Девять граммов в сердце… (автобиографическая проза)
Шрифт:
— Ну, картошина, гулять пойдем. — Акулина Ивановна помогает ему одеться. Они долго сопят и топчутся в полутемном коридоре коммунальной арбатской квартиры, ибо встреча с январским двором — дело нешуточное, а поэтому — стеганые одежки, и шапки-ушанки, и варежки, и шарфик, и валенки, и старые погнутые саночки — бог весть, с каких времен.

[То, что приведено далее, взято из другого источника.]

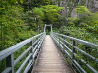 そして5:55写真の吊橋に到着。谷を渡ってくる風が冷たく、山歩きで火照った体をクールダウンしてくれて最高に気持ちよかった!橋の上からは行縢の滝が遠望できます(下の写真ネ)が、凄いな〜と感動する反面、あんな遠くまで歩くのか・・・という弱気なココロも顔をだします。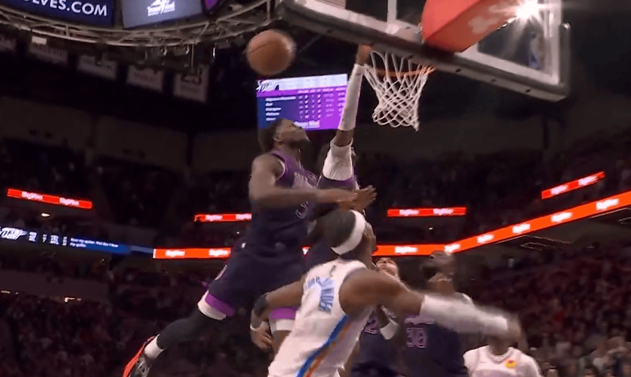 虎撲12月20日訊 今日NBA常規(guī)賽,森林狼主場112-107力克雷霆。茲最中分追帽終結(jié)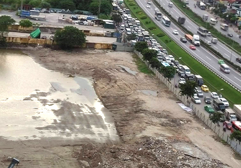 Khu vực xây Bến xe Yên Sở tại đường vành đai 3, tuyến đường thường xuyên ùn tắc giao thông. Ảnh: VnExpress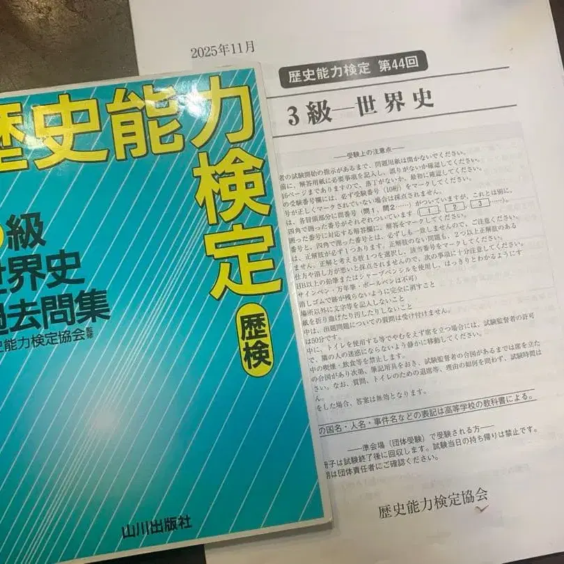 역사 능력 검정 3급 세계사 기출문제집 야마카와 출판사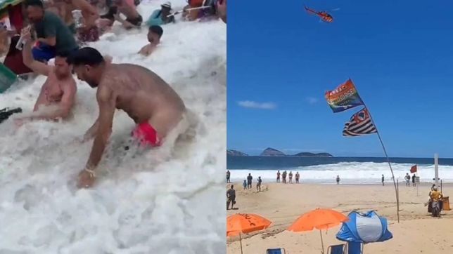 Ondas de até 3,5 metros de altura atingiram o litoral do Rio pela manhã. Nas redes sociais, circulam registros de ondas que atingiram o público na areia e arrastaram banhistas e seus pertences.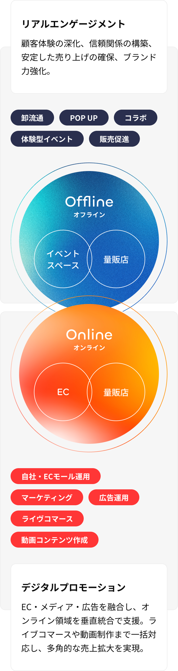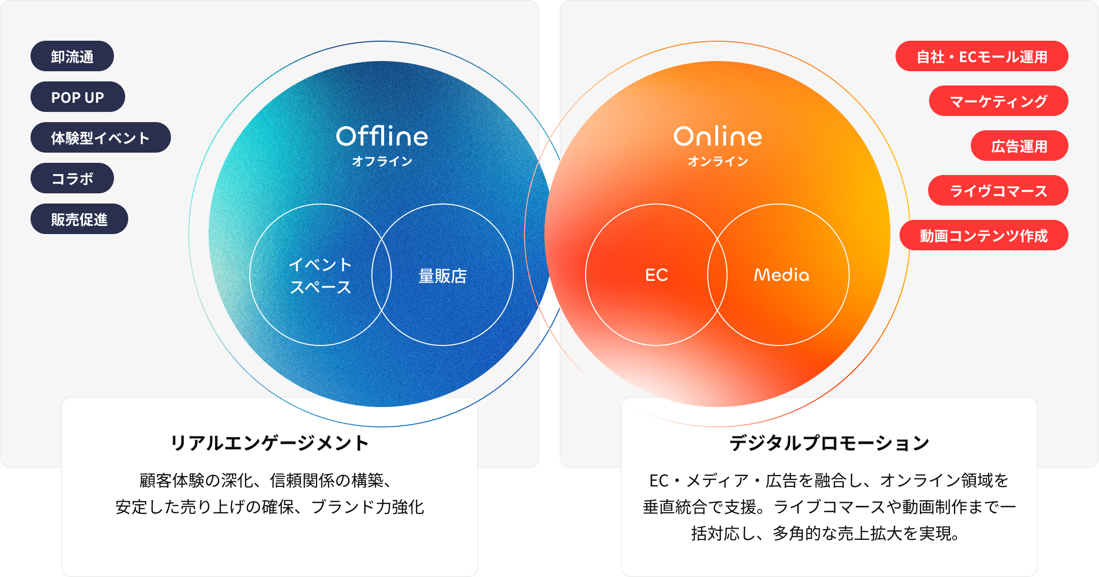 オンラインとオフラインの二つの成長導線を同時に回し、相互に補完し合うことで、持続的に加速する成長のフライホイールを構築します。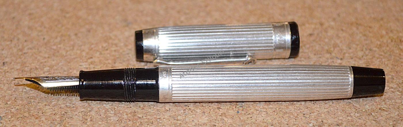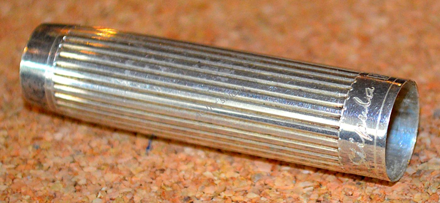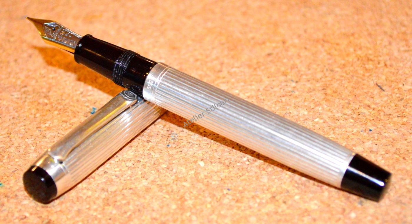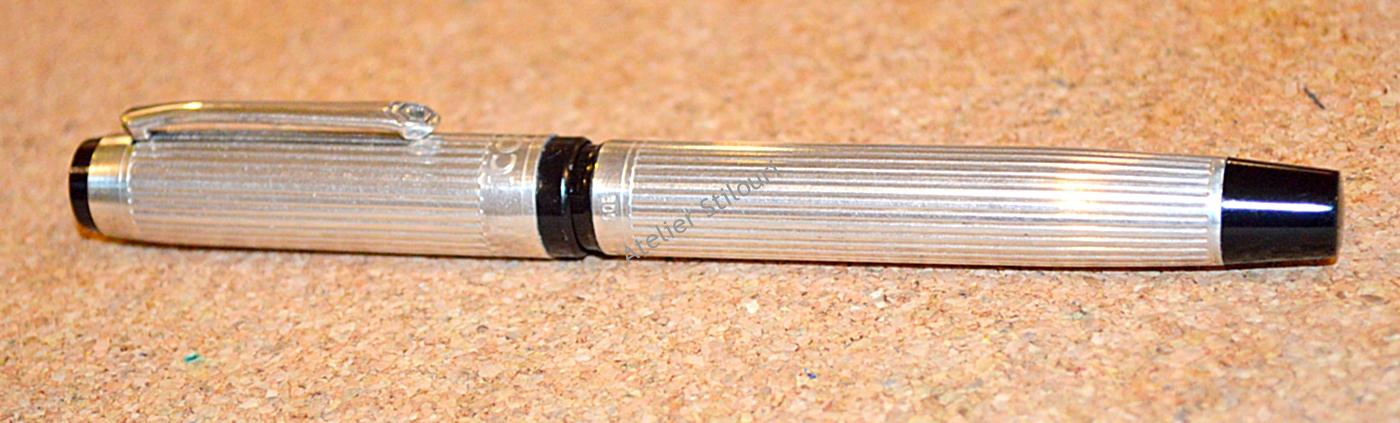 In fine, sa revenim la “cestiune”. Acest stilou a venit pentru restaurare aproape completa. Caracteristicile stiloului sunt: corp si capac de argint 950 pe suport de nitrat de celuloid, piese celuloid capat capac si corp, sectiune penita si sectiune intermediara nitrat de celuloid, penita 18kt marcata Stipula, incarcare c/c, gravuri de brand pe buza capacului si pe corp la baza spre sectiune penita, feed plastic, clip argint pe suport interior alpaca.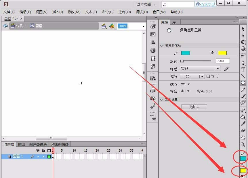 5、设置星星的填充色和笔触颜色,如下图所示。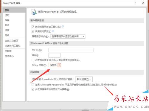 6、在“常規”選項右側窗格中,找到“對Microsoft Office進行個性化設置”中的“Office主題”并選擇“深灰色”,然后再點擊“確定”按鈕即可。如圖所示;
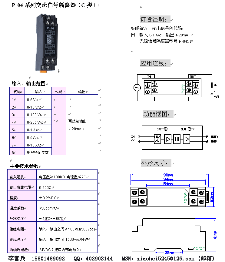 P-04系列交流信號(hào)隔離器(一入一出)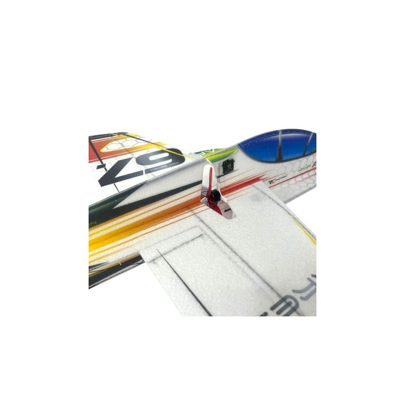Ce modèle est extrêmement maniable, tout en conservant une grande stabilité et une excellente rigidité en vol. Sa structure encaisse sans problème les atterrissages un peu brusques. Le moteur, positionné au centre, réduit considérablement le risque d'endommagement de l'hélice en cas de petits chocs.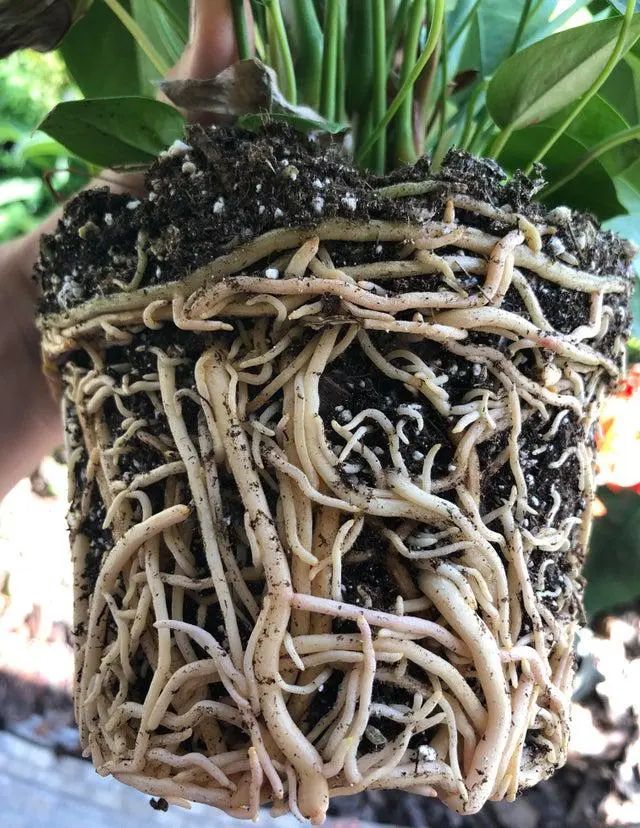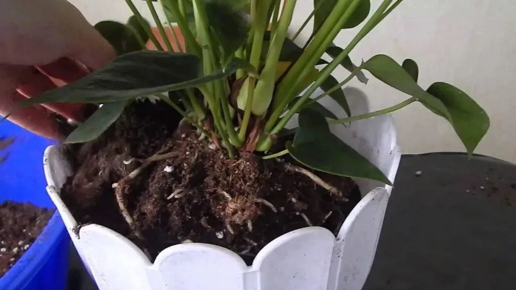 红掌的根系通常都是特别粗壮的,它们的根系会缠绕在花盆四周,有些甚至长满盆底。

Пространство арбатского двора было необозримо и привычно. Вместе со всем, что оно вмещало, со стенами домов, окружавших его, с окнами, с помойкой посередине, с тощими деревцами, с ароматами, с арбатским говорком — все это входило в состав крови и не требовало осмысления. Там располагались глубокие сугробы, в которых приятно было тонуть, после чего мягкие горячие пальцы Акулины Ивановны тщательно и долго
— Ну, картошина, дождешьси… А Он-то видит все…
— Кто? — спрашивал Ванванч, покуда она вытряхивала из него снег.
— Эвон, — кивала она на низкое зимнее небо, — эвон, эвон, — чтобы не произнести запретное имя.
Конечно, Ванванч ее любил. Больше было некого. Далекий папа казался нарисованным и неправдоподобным. Призрачная мама появлялась на мгновение, изредка, по вечерам, если он не успел еще уснуть, и, усталая после вдохновенного трудового дня, прижимала его к себе, но все как-то отрешенно, судорожно, из иного мира, продолжая думать о чем-то своем.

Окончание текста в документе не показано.